One more consideration: Will the setting include accompaniment or is it meant for a cappella singing?

Then come the notes themselves, placed within a form: is the text in one section or more? If the answer is more, which sections will be in contrast to the initial one? How will they vary? by key or mode? by style? by meter change? The choices are endless.

So it’s time to concoct a melodic idea, a theme if the text is lengthy, a motif if short, the choice of key made – subject to change as the melody develops in the mind. Again, I let the text tell me how best to arrange the pitches, what sounds are most appropriate to range, vocality and mood of the words, where the highs and lows should be, and what form the melody will take. Bar lines and meter signatures usually can wait till the melody is secure, though sometimes a bit of harmonizing may force me to change my mind about a few notes of melody, so long as the word emphasis is not minimized.

Harmonization follows, once the decision is made as to whether melody, harmony, or rhythm – or some pair of these – is the most important element of the music. In the unison American folk tune, Three Blind Mice, melody and rhythm dominate.

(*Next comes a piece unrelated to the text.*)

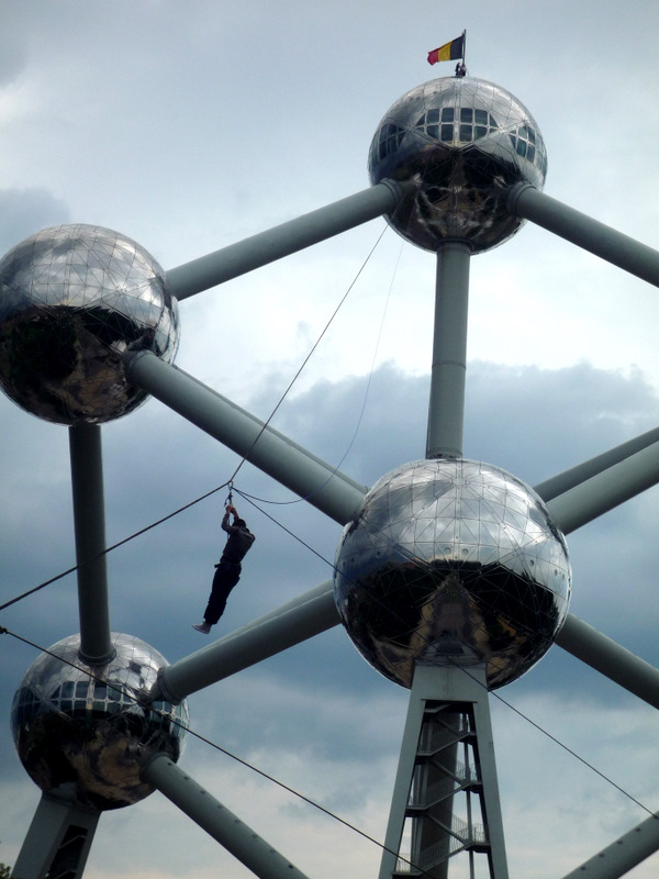 Ce n’est pas tous les jours qu’on a l’occasion de se jeter du haut du plus célèbre monument belge.Une dame a emmené six d’entre nous vers l’ascenseur qui conduit au restaurant situé dans la plus haute boule de l’Atomium. Là, nous avons monté un petit escalier métallique en colimaçon qui nous a fait déboucher dans la structure même du monument. L’espace était hyper confiné, et j’ai commencé à me sentir oppressée. Une dernière échelle qui n’en était même pas une – juste des très grandes vis faisant office d’appuis pour les pieds – et j’ai émergé à l’air libre. Devant moi, Chouchou était déjà assis de l’autre côté de la balustrade, au bord du vide. Pas le temps de réfléchir ou de paniquer: un monsieur me débitait des instructions à toute vitesse, et j’ai pensé qu’il valait mieux les écouter. Tandis que Chouchou s’éloignait le long de la double corde, je me suis mise en place à mon tour; j’ai passé mes mains dans les sangles et agrippé celles-ci au-dessus de mes poignets; je me suis allongée sur la boule et… j’ai glissé dans le vide.

One would be hard put to harmonize every note, and doing so would be a corruption of the text and tune and slow down an appropriate tempo. The chords would be simple, made of triads that would not detract; most of these built on the first, fifth, and fourth tones of the scale; in other words, on tonic, dominant and subdominant. They could occur mostly on the first and third beats in the first half of the 4/4 melody, perhaps three times in the later measures. In such a short tune, change of key wouldn’t be an option, nor would ornamentation.

One discipline I use is to write simply a unison bass line to assure economy and good two-part counterpoint between the outer voices, melody and bass note. The fewer inner notes the better after that.

A Bach-harmonized chorale, however, like the Passion Chorale O Sacred Head Now Wounded, from the Baroque period, illustrates how effective a full four-part harmonization can be at the hands of a master. Because the tempo is slower, the style stately, there is room for many passing tones and suspensions, particularly in the inner voices. Every section of the choir has an interesting part to sing. The result is a richness that expresses magnificently the style and mood of the tune and text.

A simpler harmonization but an exquisite one in a more contemporary style can be seen in Durufle’s The Lord’s Prayer (Theodore Presser, 1978). The Brahms motet in five parts, Create in Me a Clean Heart, O God (G. Schrimer, 1931 – now Hal Leonard) is another gem, this one from the Romantic period.

The examples above are written for unaccompanied singing, but one would not think of Mozart’s soprano solo Laudate Dominum from his Vespers being sung without accompaniment by either an orchestra or keyboard. Whatever style is used, the aim is not to overwhelm the vocal line with a texture of notes too thick.

I prefer to get the notes and rhythms down in the vocal parts in some sort of formal structure before I decide on the exact tempi and dynamics. I need the whole in front of me before I have a sense of what the dynamics, tempi, and other editing indications should be. That’s simply what has worked for me, but others may choose to put final the editing instructions when they compose the notes.

I would suggest following David Ahlstrom’s advice, whatever style of music you wish to write. Find excellent pieces in that style and study their scores to see what the composers did that made those pieces work. As Alice Parker says, composition’s purpose is not primarily putting notes on a page and calling it finished when the last note is written, but to create a work that can be translated into beautiful and effective sound by performers who transmit your notes is such a way that listeners are engaged and transformed.